The part about 'loading data in reduce method controlled by an  
initialize flag variable which assures that it is loaded only once'  
makes no sense to me.

However, you can 'slowstart' reduces by ensuring sufficient maps are  
complete before _any_ reduces are launched... from mapred-default.xml:

<property>
   <name>mapred.reduce.slowstart.completed.maps</name>
   <value>0.05</value>
   <description>Fraction of the number of maps in the job which should  
be
   complete before reduces are scheduled for the job.
   </description>
</property>

Arun

Re: Lazy initialization of Reducers

Posted by Ted Yu <yu...@gmail.com>.

I don't find such parameter in 0.20.2

Please create such flag in your own class.

On Wed, Jul 21, 2010 at 10:15 AM, Syed Wasti <md...@hotmail.com> wrote:

>
> Hi,
>
> I read about this Reducer Lazy initialization in a document found in the
> below URL.
>
> http://www.scribd.com/doc/23046928/Hadoop-Performance-Tuning
>
>
>
> It says “:In M/R job Reducers are initialized with Mappers at the job
> initialization, but the reduce method is called in reduce phase when all the
> maps had been finished. So in large jobs where Reducer loads data (>100 MB
> for business logic) in-memory on initialization, the performance can be
> increased by lazily initializing Reducers i.e. loading data in reduce method
> controlled by an initialize flag variable which assures that it is loaded
> only once. By lazily initializing Reducers which require memory (for
> business logic) on initialization, number of maps can be increased.”
>
>
>
> But I did not find any other resource which talks about Reducer Lazy
> initialization.
>
> Does anyone have experience on this ?
>
> If yes, how and where can I set this parameter to get it working.
>
>
>
> Thanks for the support.
>
>
> Regards
> Syed Wasti
>
>
>

Re: Lazy initialization of Reducers

Posted by Arun C Murthy <ac...@yahoo-inc.com>.

Moving to mapreduce-user@, bcc general@. Please do not use the  
general@ list for project specific discussions.

On Jul 21, 2010, at 10:15 AM, Syed Wasti wrote:
> It says “:In M/R job Reducers are initialized with Mappers at the  
> job initialization, but the reduce method is called in reduce phase  
> when all the maps had been finished. So in large jobs where Reducer  
> loads data (>100 MB for business logic) in-memory on initialization,  
> the performance can be increased by lazily initializing Reducers  
> i.e. loading data in reduce method controlled by an initialize flag  
> variable which assures that it is loaded only once.
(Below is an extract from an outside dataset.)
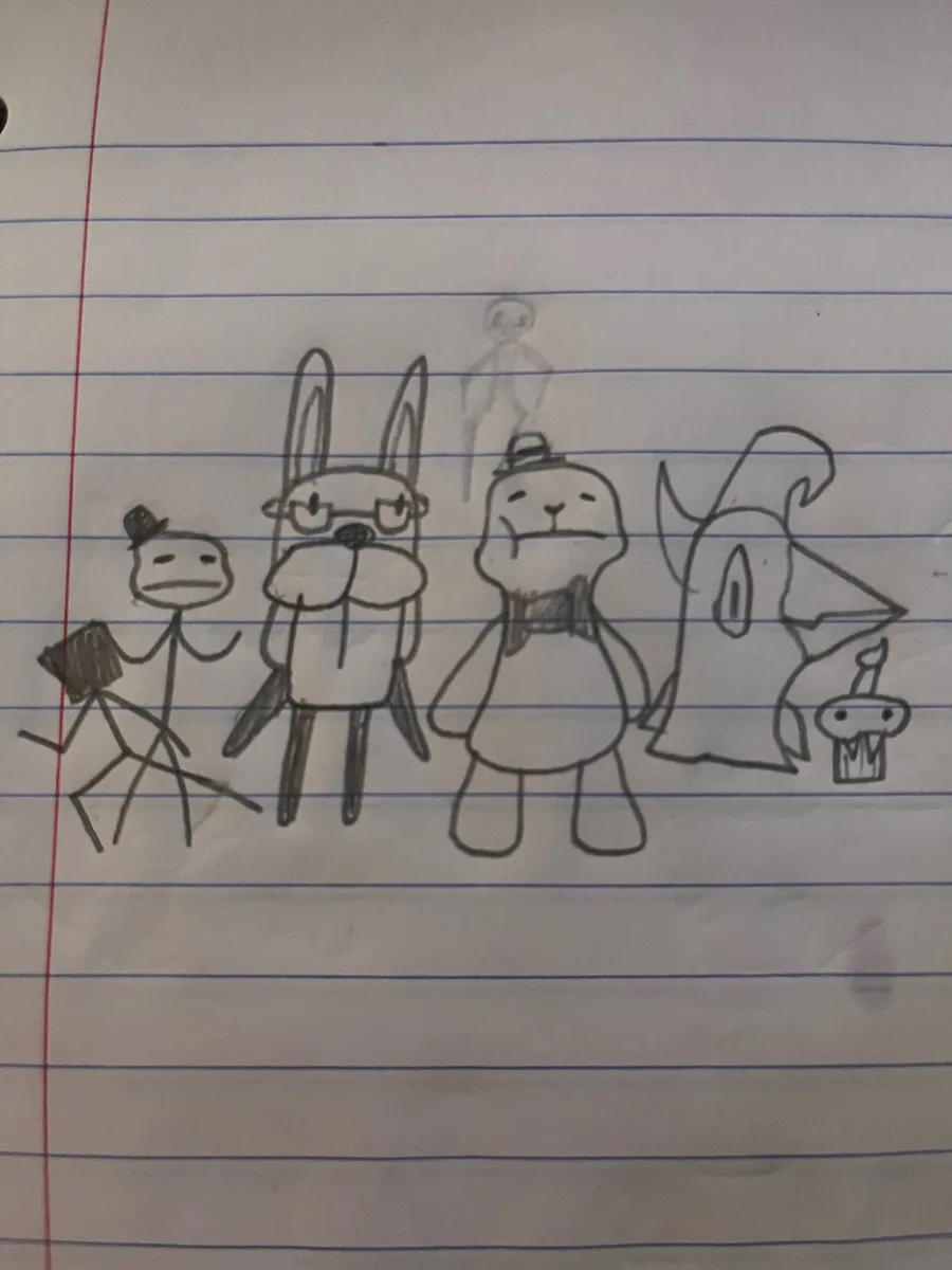 I don’t really know what to put here besides concept art I made so here’s the cast at the moment (designs may change and characters may be added in the future). By the way designs of Bonnie and Chica were made by @CactiGuy

By lazily  
> initializing Reducers which require memory (for business logic) on  
> initialization, number of maps can be increased.”
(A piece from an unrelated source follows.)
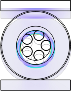 反谐振空芯光纤通过其包层中精心设计的微结构空腔,将光限制在空气纤芯中传播。与实芯光纤相比,反谐振空芯光纤具有极低延迟、超低损耗、和低非线性系数等优势,这些优势在高功率激光传输、长距离通信等方面具有至关重要的作用。尽管优势突出,但空芯光纤目前仍面临一些固有的缺点和工程挑战。 反谐振空芯光纤复杂的微结构可能使其在抗拉、抗压等机械性能上略逊于实芯玻璃光纤。在实际使用中,往往会受到弯曲敏感性和压力敏感性等因素制约。因此需要使用COMSOL Multiphysics软件进行仿真。 为此,使用了结构力学模块仿真了在受力状态下光纤的形状。仿真结果表明,光纤在涂敷层中发生了微小的形变,导致看损耗的增加。为了进一步了解微弯损耗的产生机理,利用波动光学对弯曲的光纤进行了仿真,发现光从原本的掠入射光纤内壁,变为斜入射,导致了光纤损耗的增加。
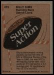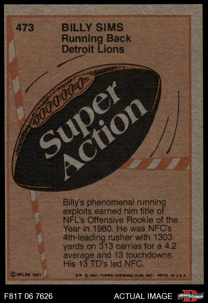 1981 Topps #473 - Billy Sims Super Action 6 - EX/MT

The part about 'loading data in reduce method controlled by an  
initialize flag variable which assures that it is loaded only once'  
makes no sense to me.

However, you can 'slowstart' reduces by ensuring sufficient maps are  
complete before _any_ reduces are launched... from mapred-default.xml:

<property>
   <name>mapred.reduce.slowstart.completed.maps</name>
   <value>0.05</value>
   <description>Fraction of the number of maps in the job which should  
be
   complete before reduces are scheduled for the job.
   </description>
</property>

Arun